The conductor said he was going about 40 to 45 mph through rural Nebraska inside a loaded coal train when he saw what he thought was a mannequin on the track. It's not uncommon for pranks such as this to played on railroad engineers, only this time it wasn't a mannequin, it was me. He saw me laid on my back, my arms folded on my chest , when the train struck me. Desperately, he slammed on the brakes. But loaded coal trains don’t stop quickly. Finally, the train stopped. The engineer grabbed a flashlight, clicked it on and stepped down out of the train. He turned to go find me when he was stunned by a tap on his shoulder. The engineer shined his flashlight in the face of a male in his late 20's with brown hair and brown eyes. He said he also saw a few people cross the tracks about 100 yards up seemingly fleeing the scene.
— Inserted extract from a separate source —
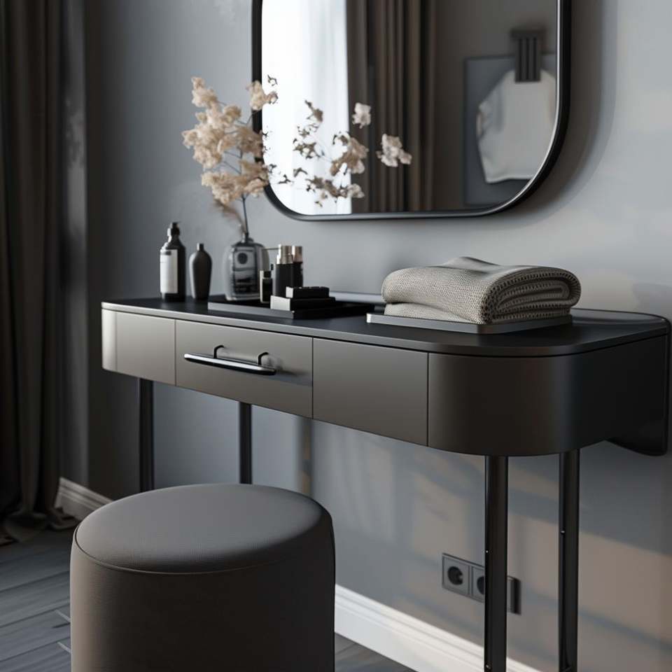 Modern European Standing Dressing Table Lighted Adjustable Mirror Storage Solid Wood Vanity Makeup Table for Bedroom Apartment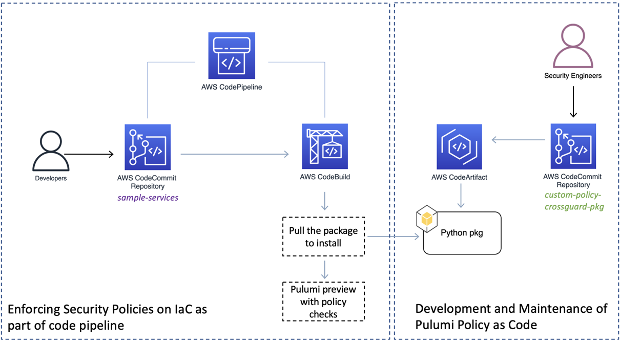 This post is accompanied by sample code hosted in GitHub that provides code for the workflows. For detailed instructions on using the code, see the README file. First, we’ll give a brief explanation of policy-as-code and Pulumi.

The man in front of the engineer asked, "Why did you stop?" Baffled, the engineer responded "I think I hit somebody." The man, identified by the engineer, was Daniel Owens, my companion that night, and he replied "I hope it's not Mandy." The engineer spun around and ran to find me. I was apparently dragging myself out from underneath the eighth coal car. The engineer did what he could to keep me alive until paramedics arrived. -None of this I remember, and most days I am thankful for that, but I do wish I could remember how I got on those tracks. Before waking up in the ambulance, all I remember was stepping outside for a cigarette, petting horses nearby.
It was after this meeting with the conductor that my family and I began really asking questions. Daniel had told us all different stories, and said other things to the sheriff, nothing added up as his story was constantly changing. He continued to be a part of my life, visiting me in the hospital. But I began to press my mother to have the sheriff's office investigate the case further in early October 2014. On Nov. 10, 2014, relatively late in the evening,I was being readmitted to Bryan West. I had another surgery in the morning..My phone rang, and I was told of Daniel Owens committing suicide the night before.
They say the only reason we get songs stuck in our head is because we're continuously replaying the chorus instead of coming to a melodic conclusion. I imagine till the day I die, like a song on repeat, the hundreds of questions I have will be my refrain. I mourn him. He was my friend, I loved him and trusted him.
I was in and out of hospitals for almost 10 months total over two years. It took months of pain, almost daily bandage changes, reamputations due to regenerated bone growth and physical therapy, learning to become accustomed to my new life- and to walk again on basic prosthetics.